I have always known that our relationship is built on love. It is the key to all fulfillment. The most important thing I have learned since we started this journey is that there are only two things that matter in the bedroom. They are that I must make her feel truly loved and I need to feel loved in return. For us: Any orgasm that enhances both these things is good. Any orgasm that does not contribute to both these things is meaningless and it eventually becomes a distraction. Any orgasm that impedes either of these things is toxic.
Such wonderful words and advice in this thread. I would echo the general sentiments that chastity is about much more than kink. Sure, the playful everyday naughtiness is fun, but more importantly, it has opened the door to wider and deeper communication, trust, and connection between us, in a secret space nobody else knows about.
All of this intrigues me much more than my wife. She couldn't much care less, though sometimes she does.
Also, how to pick when to discuss chastity / the cage / "the game" and when to just live life as normal. We have the device on, we have the hormones fluctuating and peaking like crazy and we can also "suffer" with the physical issues of the cage (ring sting, uncomfortable attempted erections etc). Just because of these physical reminders for us, doesn't mean that she needs to hear about them on a daily basis. I am also trying to learn to be a better partner / husband. We may not be 50/50 on the chores (I have tasks to do and she does other things) but a little effort goes a long way with things that can be done by either/both of us (cooking, washing up, making lunches for the next day, keeping an eye on the laundry etc). Keep things playful / lite. Sometimes a bit of casual affection or playful touching can all that is needed to make her feel loved without going over the top.
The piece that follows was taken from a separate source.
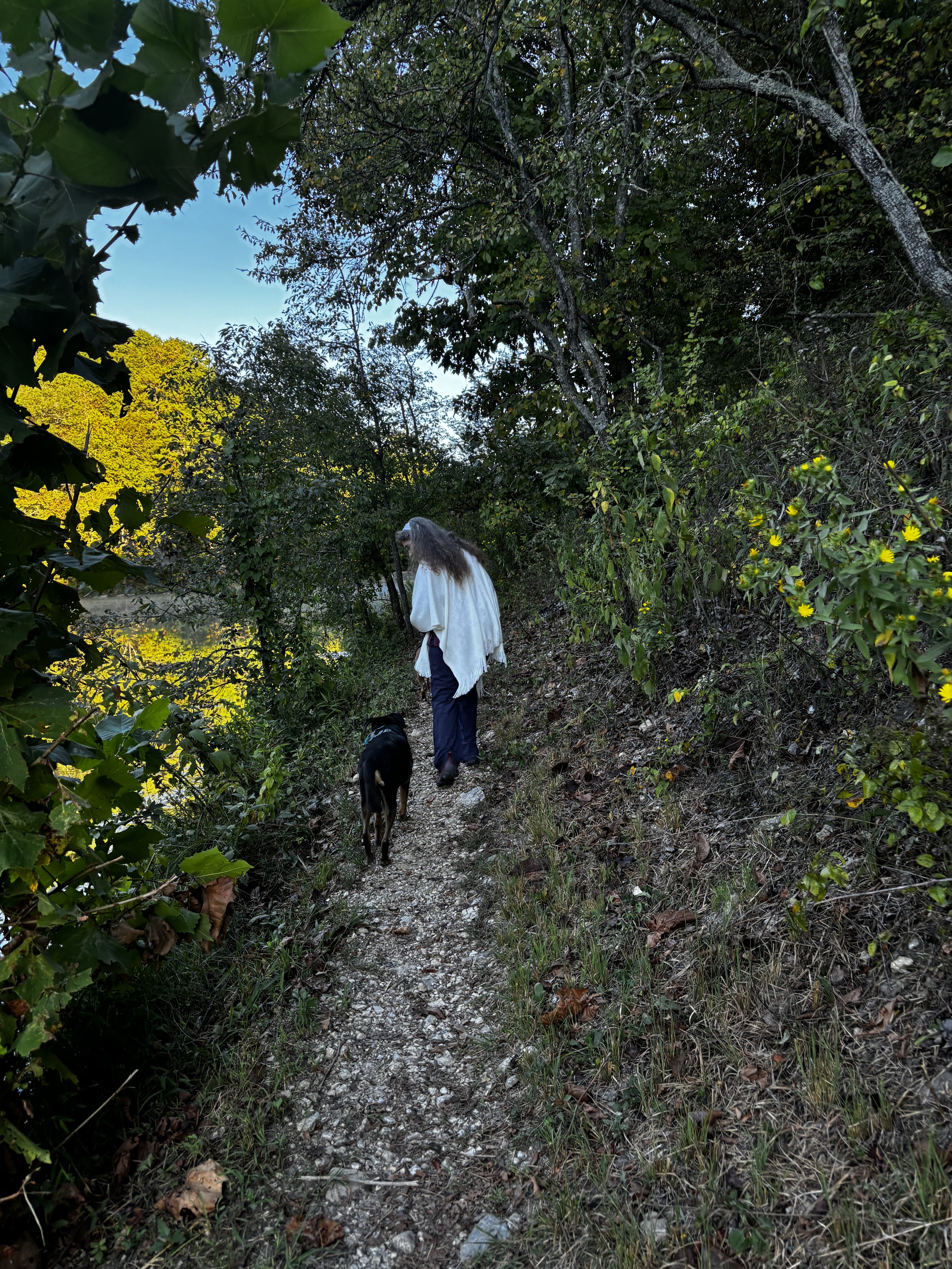 I leave the well, touching the bright standing stone at the exit. Darkness is now complete. My partner waits at the bench at the crossroads. I sit next to him for a few minutes in companionable silence. Then he walks off to the well and I find myself alone in the big circle, lighter and more clear. I’m determined to meet these next few seasons with poise, and to write about my small contributions to the unfolding events ahead.

The "motivation to be a better husband" is pretty awesome. I was such a horrible, shitty husband, for so long, and now I am slowly paying down that debt, and gladly doing so. She says that I'm the greatest husband now, but I am still diligently working hard to improve, and I intend to continue to do so for the rest of our lives. She is so completely worth it. I am so completely in love with her. And yeah, there's no 50/50 here. I used to be the bread-winner and she was stuck at home, responsible for everything else. I am still the bread-winner, but now I do as much work around the house as I can possibly do, which is well over 50% and headed straight for 100% (minus whatever she wants to do by her own choice, since she does enjoy doing certain things, and I respect that completely). She's happy. That makes me very happy.